Tuesday marked National Black HIV/AIDS Awareness Day (NBHAAD), a day to highlight the progress of HIV testing, prevention and treatment efforts and consider ongoing challenges to reducing HIV among Black and African-American people in the U.S. On Feb. 7, NBHAAD, advocates and elected officials gathered to challenge the systemic root causes of HIV disparities in communities within New York City.
The Bronx has more than 23,500 people living with HIV. In 2021, the Bronx also had the highest rates of HIV/AIDS deaths. These rates are most alarming among Black Non-Hispanic Bronxites, who are diagnosed with HIV at more than twice the rate of their white and Hispanic neighbors, and experience the majority of HIV/AIDS deaths in our borough.
“The Bronx suffers from the highest rates of HIV across New York State’s 62 counties, and sexually transmitted infection rates are at unacceptably high rates among vulnerable groups in our city,” said City Councilmember Pierina Sanchez. “By making rapid testing services available throughout the City and educating New Yorkers, this bill will work to reduce infection rates and save lives. It is time to ensure everyone has access to the services they need.”
Introduction 895, which has currently 16 bill sponsors and is supported across a broad coalition of health advocates, would require the city health department to ensure accessibility to rapid testing for sexually transmitted infections in all boroughs, prioritizing communities in boroughs that have higher infection rates. The bill would also require health officials to conduct an educational outreach campaign within communities.

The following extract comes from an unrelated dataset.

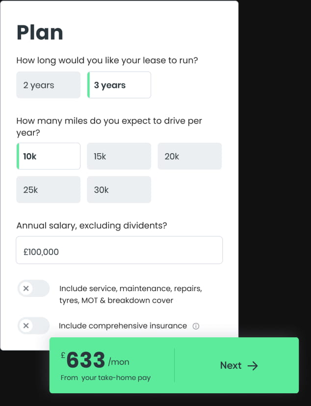 Once the employer confirms their participation, employees enter the platform, select the EV they wish to lease, and enter their salary.

New York City continues to make steady progress toward meeting its goals to end the HIV epidemic citywide. However, inequities in HIV and STIs persist, underscoring the need to increase access to prevention, testing, care and treatment, and to accelerate efforts to improve HIV-related outcomes for all New Yorkers. Among reported cases of gonorrhea, chlamydia and syphilis, notable inequities persist, underscoring the need to improve access to timely, high-quality sexual health services for all New Yorkers.
“On National Black HIV/AIDS Awareness Day, we pause to reflect on the progress we’ve made to improve HIV preventative care, expand access to resources, treatment, and care, and fight stigma and discrimination,” said U.S. Rep. Ritchie Torres. “But we also acknowledge that more work needs to be done – particularly to communities like the ones in my district that have seen a significantly disproportionate impact to this devastating epidemic. We must recommit ourselves to addressing the disparities and dismantling the barriers that prevent Black people from receiving the healthcare they deserve – regardless of how they identify, who they love, or where they live.”
In NYC, while overall rates of gonorrhea and chlamydia have decreased, infection rates for both STIs disproportionately affect people living in very high poverty neighborhoods — where 30%-100% live below the federal poverty level — with case rates approximately three times higher than rates among people living in low poverty neighborhoods. Community districts in the Bronx face the highest rate of chlamydia, with some districts as high as 2,053 infections per 100,000 people, as well as high rates of gonorrhea and both primary and secondary syphilis.